Он испытывал сейчас к Сильвии спокойную и холодную ненависть. И ее нужно было не обманом завлечь в Замок, что было бы слишком просто, а добиться чистой, убедительной победы. Поставить на колени и заставить просить о снисхождении. Сломать ее натуру.
То, что между ним и Сильвией было лондонской ночью, только усиливало его жажду мести. К чему к чему, а к подобному отношению со стороны женщины, с которой только что занимался действительно нетривиальной любовью, он не привык. Эдмон Дантес не зря был его любимым героем.
— Сейчас я не могу и не хочу говорить с вами. Поймите меня правильно. На Земле еще никто со мной так не поступал. (И это было правдой, и опять Сильвия поняла его в другом смысле.) Мне нужно прийти в себя. Хороший ужин, коньяк для снятия стресса — умирать крайне неприятно, смею заметить, не дай вам бог узнать это слишком рано — и хоть какая-то степень свободы, в пределах здания как минимум. Согласен даже на ваше общество, хотя оно мне и глубоко неприятно. И если вы будете вести себя правильно, избавите от назойливого внимания ваших… прислужников, завтра мы поговорим на равных и, возможно, найдем взаимоприемлемое решение. Если нет… Да что вам объяснять? Кстати, просто любопытно, где мы сейчас находимся?
— Вот этого я не скажу. Пока. Остальное, пожалуй, можно сделать. Но с этого момента и до утра вы будете находиться под моим контролем.
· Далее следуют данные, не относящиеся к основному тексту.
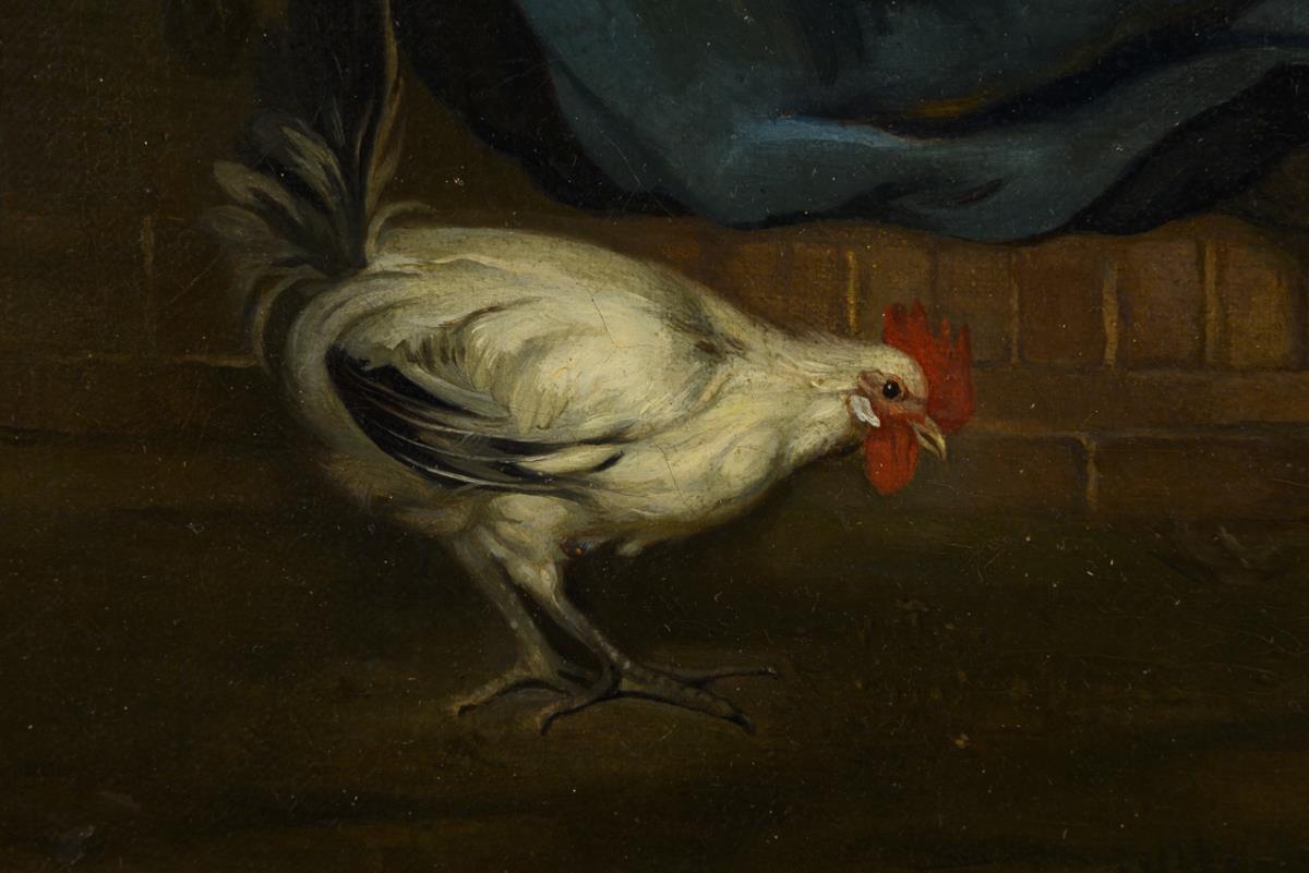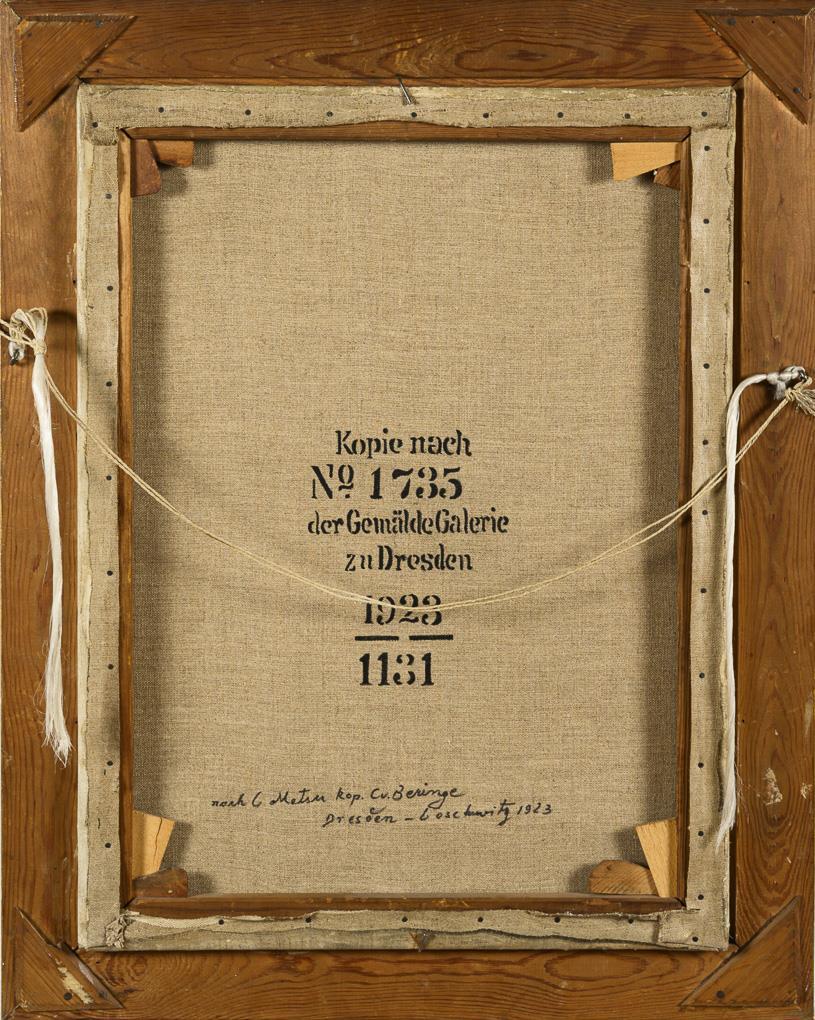 Sehr gute Kopie nach dem holländischen Original, welches heute in der Gemäldegalerie Alte Meister in Dresden zu sehen ist. Altersspuren.

Больше никто вам надоедать не будет.
— Если так, как вчера, ради бога. — Шульгин изобразил двусмысленную радость. — Как личность вы мне антипатичны, но в остальном…
Сильвия поджала губы и отвернулась.
— Ну хорошо, с этим тоже подождем, — Сашка хамил уже в открытую, — дайте мне туалетные принадлежности, бритву, проводите в ванную, а там как получится…
Когда Сильвия ушла, Шульгин долго лежал и смотрел в потолок, до тех пор, пока не ощутил непреодолимого желания встать и подойти к окну. Какое-то время он пытался понять, отчего оно вдруг возникло и какой в нем смысл? Лежать ему совсем неплохо, смотреть за окном не на что, да и незачем. Но логика не помогла, желание стало нестерпимым. Сашка счел за благо подчиниться. Он оперся ладонями о подоконник и долго смотрел на скалистую гряду и заснеженное плато, над которым кружились в усиливающемся ветре крупные снежинки. Смеркалось, и картина за окном, не в деталях, а настроением, напомнила Шульгину что-то из раннего, проведенного в среднерусской деревне детства.
И вдруг ему показалось, что среди камней мелькнул огонек. Он всмотрелся. Примерно в двух километрах от дома между скалами обозначилось нечто вроде узкого прохода. А возможно, просто никуда не ведущая расселина. Чуть выше и правее — едва различимое темное пятно, похожее на отверстие пещеры. Вот оттуда и мелькнул первый раз световой блик, а вот еще раз, еще. С равными пятисекундными интервалами, время самой вспышки — примерно четверть секунды.